I think it is fairly known that many artists and even thinkers and philosophers tend to describe the creative process they usually engage in in terms that conjure up the image of a kind of passive genesis wherein the artist is seen as an agent less imposing than admitting, less pursuing than opening to the guidance of his/her object of concern. Writers, for instance, talk about participating in the birth of a work that as it develops begins to solicit its “author” in unplanned directions. Dictating its structural demands more and more “audibly” the text is, in effect, weaving itself with the assistance of the writer. This is, clearly, an exaggeration for there is plenty of work involved in the writing of a text. No doubt about that, nevertheless, I think, there is still some truth in the idea of self-assembling creative processes. A crucial factor in this is being sensitive enough and willing to leave control behind. In other words, to let things happen.
Let me quote a couple of beautiful renderings of the phenomenon in question.

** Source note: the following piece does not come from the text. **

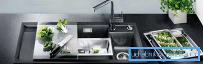 Not less in demand are models in the shape of a rhombus, polygon or a complex oval, which combine two bowls and platforms for cutting semi-finished products and drying dishes. In general, multifunctionality is the distinctive feature of all modern plumbing, and complete with a sink are often attached all kinds of baskets, grates, drawers and other auxiliary devices.

This is what Don DeLillo, a contemporary American author, says about the matter:
But the basic work is built around the sentence. This is what I mean when I call myself a writer. I construct sentences. There’s a rhythm I hear that drives me through a sentence. And the words typed on the white page have a sculptural quality. They form odd correspondences. They match up not just through meaning but through sound and look. The rhythm of a sentence will accommodate a certain number of syllables. One syllable too many, I look for another word. There’s always another word that means nearly the same thing, and if it doesn’t then I’ll consider altering the meaning of a sentence to keep the rhythm, the syllable beat. I’m completely willing to let language press meaning upon me. Watching the way in which words match up, keeping the balance in a sentence—these are sensuous pleasures. I might want very and only in the same sentence, spaced in a particular way, exactly so far apart. I might want rapture matched with danger—I like to match word endings. I type rather than write longhand because I like the way words and letters look when they come off the hammers onto the page—finished, printed, beautifully formed.
Now, compare this to William Gass’ (also a contemporary author) description:
As an artist you are dealing with a very abstract thing when you are dealing with language, yet suddenly it is there in your mouth with great particularity—draw, lisp, spit. When the word passes out into the world, that particularity is ignored; print obliterates it; type has no drawl. But if you can write for that caressing, slurring, foulmouthed singing drunken voice … that’s a miracle … As a writer you are, of course, aware of the arbitrary relationship of symbol-sounds to their meanings; but no real writer wants it that way… When work is going well for me—which is rarely—I have a clear metrical sense of sound and pace. This whole problem is vital. When one section is singing it sings the rest.
More recently, in an essay titled “The sentence seeks its form” Gass, in effect, performs what he speaks about:
Even putting down these first few words makes me aware of an emerging rhythm, a pattern of repetition and consequently of an attention to what has been written that will tell me what to write, as if the first few words were seeds already intending the plant they would become, as if they were anticipating the earth they would occupy and own, if not adorn, the nettles they would form, the allergies they would eventually exacerbate. That is: the sentence seeks its fulfilling form.
As one last example on the notion of literary, belletristic self-assemblage, I would like to quote Sven Birkert, the American essayist and literary critic:
I believe that writing that is clear and varied, capable of sustained exposition as well as of detail and discrimination, cannot happen where there is not a sensibility equipped to generate it. And such a sensibility cannot exist without the kind of auditory inwardness that reading cultivates. For writing is so much more than just the transmission of ideas or information. Writing—effective, memorable writing—depends upon the writer hearing the language. One balances sounds, their values and meanings; one holds in readiness clauses and word-chains; one speeds up and slows down according to the needs of expression. The ear does the brain’s fingertip work—it joins and adjusts, adds and substracts. It hears the rightness of a phrase, rejects a dissonance. If you can’t hear words and their arrangements—the music that accompanies and enforce meaning—then you can’t write. (my emphasis)
Notwithstanding these assessments I think it is important to remind oneself that certainly this magic requires skill. There is no spontaneous sprouting forth and no creativity with abandon if the seeds of previous efforts are missing. These seeds are subconsciously accumulated over many years of practice and grow only gradually fertile in their capacity to fructify expressive groves. In an essay on art Gregory Bateson describes this quite aptly, “intoxication does not increase skill – at best it may release skill previously acquired. Without skill is no art”. For sure. And yet, the expressive skill is never something achieved, it’s not like an object waiting to be obtained, but rather it is something caught within the never-ending loop of expression and impression, it is a process of articulation that evolves without any final goal in mind, much like in natural evolution where the organic forms that morph into existence are guided by the absolute contingency of material processes.
Of course, many parallels could be drawn between literature and other domains of expression. Instead of going into these matters let me just simply borrow one of Martin Heidegger’s pithy sentences here: “Every thinking that is on the trail of something is a poetizing.”